Friday, September 29, 2017

U.S.-Cuba Relations Seize Up as the Affair of the Sonic Weapon Attacks Intensifies

(Pix © Larry Catá Backer 2017)

The tenuous nature of the raproachment between the United States and Cuba has been taking an unexpected turn over the course of the last several months.  What began as a curiosity--reports of U.S. and other Western diplomatic personnel suffering unexplained  physical damage (here, here and here), escalated into allegations of the use of new style weapons (here) that put the threat of the closure of the U.S. Embassy on the table (here). 
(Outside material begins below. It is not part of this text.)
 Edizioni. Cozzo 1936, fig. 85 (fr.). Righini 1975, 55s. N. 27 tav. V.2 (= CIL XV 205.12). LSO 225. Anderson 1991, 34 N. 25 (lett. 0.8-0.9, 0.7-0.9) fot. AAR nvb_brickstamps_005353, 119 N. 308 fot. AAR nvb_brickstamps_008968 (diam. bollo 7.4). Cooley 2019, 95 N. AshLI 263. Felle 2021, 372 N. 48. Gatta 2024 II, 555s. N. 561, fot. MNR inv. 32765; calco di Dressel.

Now reports are suggesting that the state of relations have sunk even lower. It appears that the United States is now planning significant cuts in its personnel in Cuba.  More importantly for U.S. nationals, the State Department has issued a travel warning (here) ("Because our personnel's safety is at risk, and we are unable to identify the source of the attacks, we believe U.S. citizens may also be at risk and warn them not to travel to Cuba. Attacks have occurred in U.S. diplomatic residences and hotels frequented by U.S. citizens.").  This  may affect risk management decisions for travel (especially by universities and other civil society groups). Lamentably for the Cuban people, routine visa operations have also been suspended indefinitely--this is especially difficult in the wake of the recent hurricanes. Taken together, the U.S. response has targeted Cuba's income generating capabilities (the travel warning and adverse impact on tourism), individual travel by Cuban nationals (the visa suspensions), and U.S. engagement within Cuba. 
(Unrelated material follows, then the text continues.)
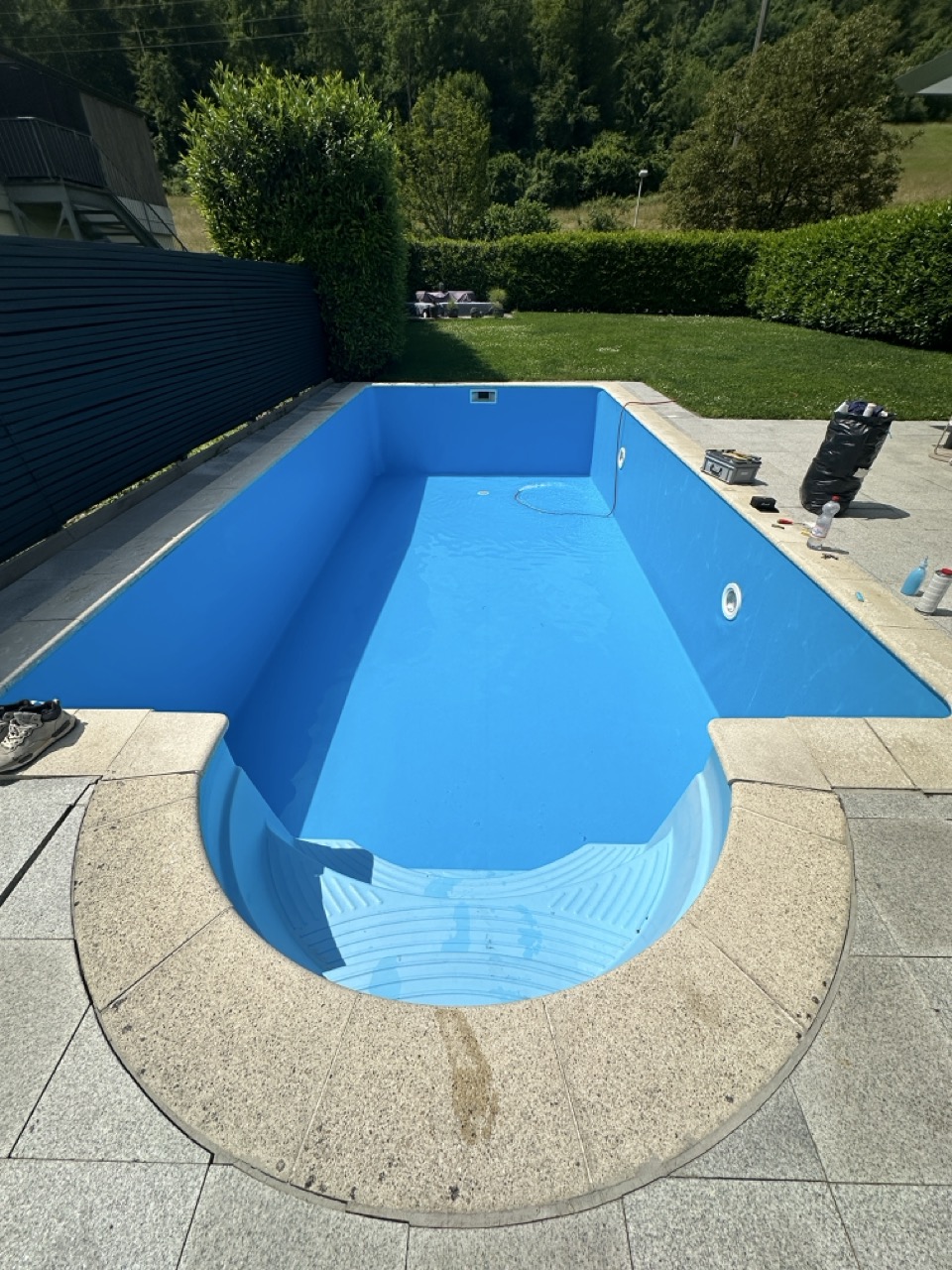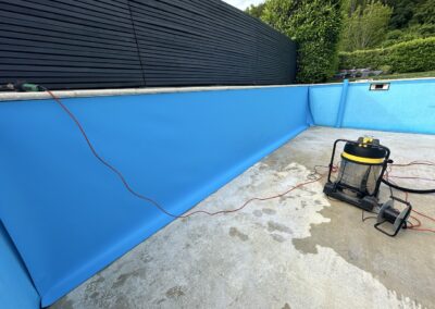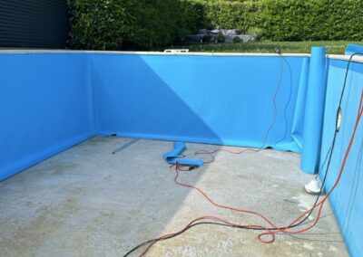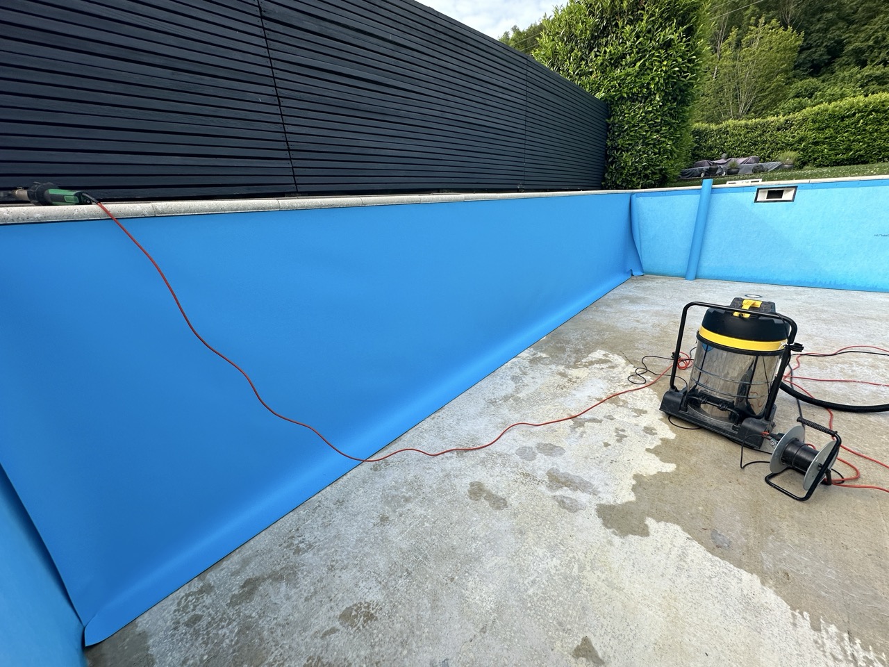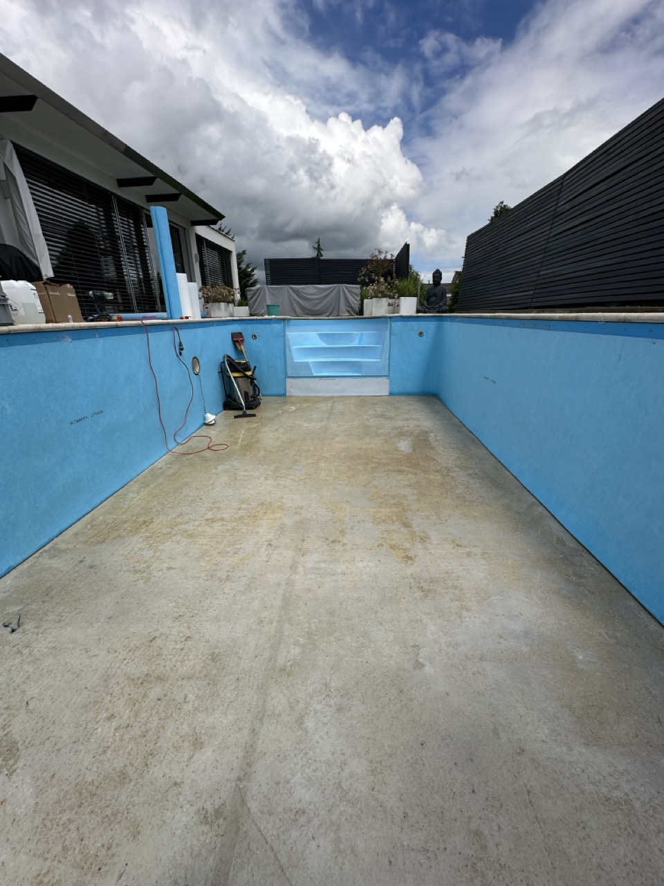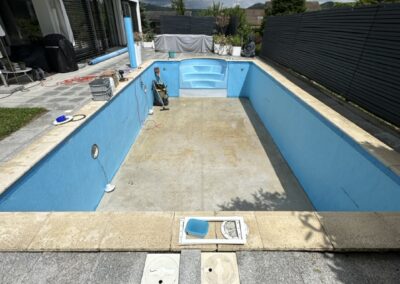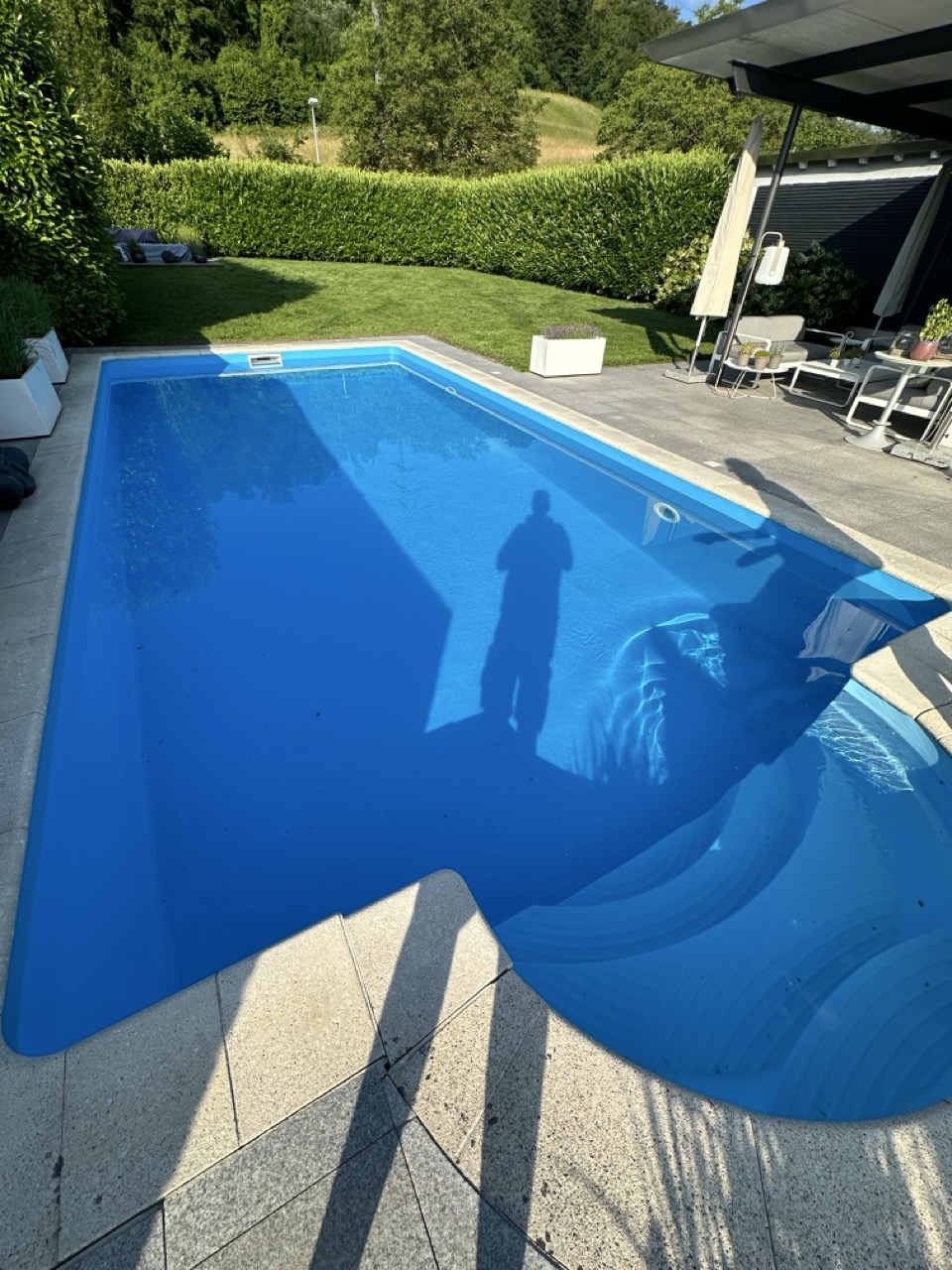 Wir durften für unseren Kunden sein Becken komplett sanieren, das heisst alte Folie und Vlies raus, Wände abschleifen und mit neuem Unterlagsvlies und Folie auskleiden.

The Cubans continue both to deny involvement and to proffer no explanation.  Both governments appear interested in finding the cause.  Yet the burden remains on the Cuban state on whose territory these events occurred.  For the Cuban government this presents an important challenge.  If the Cuban state apparatus, well known for its strong control mechanisms and its ability to penetrate even the most obscure group operations is unable to find the cause, that failure will severely damage its reputation.  That is, the Cuban state will appear weaker than it purports to be and less in control of its own territory. That perceived weakness might further encourage dissident groups.  And it might also create a strong reaction that will be evidenced in more brutal responses to perceived threats to the prerogatives of the government. It is likely, then, that the Cuban state has a greater interest in finding the source of the attacks  (or offering something convincing by way of explanation) than the United States.  Any sign of weakness in the control apparatus of the Cuban State and its vanguard party may significantly affect calculations about elections (already postponed) and the transition of power from the históricos--the first generation revolutionaries. 

The excellent reporting by Doina Chiacu "U.S. cuts embassy staff in Cuba, warns citizens not to visit," Reuters (29 September 2017) follows, with thanks to Marc Frank for passing it along. 

"U.S. cuts embassy staff in Cuba, warns citizens not to visit,"
Doina Chiacu
Reuters (29 September 2017

WASHINGTON (Reuters) - The United States is cutting its diplomatic presence in Havana by more than a half and will warn U.S. citizens not to visit Cuba because of targeted attacks that have injured at least 21 U.S. personnel, a senior official said on Friday.

“Until the government of Cuba can assure the United States of the safety of U.S. government personnel in Cuba, our embassy will be reduced to emergency personnel so as to minimize the number of U.S. government personnel at risk of exposure,” a senior State Department official told reporters.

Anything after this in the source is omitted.